Working with Pandas and NumPy¶

openpyxl is able to work with the popular libraries Pandas and NumPy

NumPy Support¶

openpyxl has builtin support for the NumPy types float, integer and boolean. DateTimes are supported using the Pandas’ Timestamp type.

Working with Pandas Dataframes¶

The openpyxl.utils.dataframe.dataframe_to_rows() function provides a simple way to work with Pandas Dataframes:

from openpyxl.utils.dataframe import dataframe_to_rows
wb = Workbook()
ws = wb.active

for r in dataframe_to_rows(df, index=True, header=True):
    ws.append(r)

While Pandas itself supports conversion to Excel, this gives client code additional flexibility including the ability to stream dataframes straight to files.

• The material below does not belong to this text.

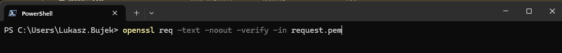 - Po utworzeniu żądania CSR można zweryfikować jego zawartość za pomocą polecenia:

To convert a dataframe into a worksheet highlighting the header and index:

wb = Workbook()
ws = wb.active

for r in dataframe_to_rows(df, index=True, header=True):
    ws.append(r)

for cell in ws['A'] + ws[1]:
    cell.style = 'Pandas'

wb.save("pandas_openpyxl.xlsx")

Alternatively, if you just want to convert the data you can use write-only mode:

from openpyxl.cell.cell import WriteOnlyCell
wb = Workbook(write_only=True)
ws = wb.create_sheet()

cell = WriteOnlyCell(ws)
cell.style = 'Pandas'

 def format_first_row(row, cell):

    for c in row:
        cell.value = c
        yield cell

rows = dataframe_to_rows(df)
first_row = format_first_row(next(rows), cell)
ws.append(first_row)

for row in rows:
    row = list(row)
    cell.value = row[0]
    row[0] = cell
    ws.append(row)

wb.save("openpyxl_stream.xlsx")

This code will work just as well with a standard workbook.

Converting a worksheet to a Dataframe¶

To convert a worksheet to a Dataframe you can use the values property. This is very easy if the worksheet has no headers or indices:

df = DataFrame(ws.values)

If the worksheet does have headers or indices, such as one created by Pandas, then a little more work is required:

data = ws.values
cols = next(data)[1:]
data = list(data)
idx = [r[0] for r in data]
data = (islice(r, 1, None) for r in data)
df = DataFrame(data, index=idx, columns=cols)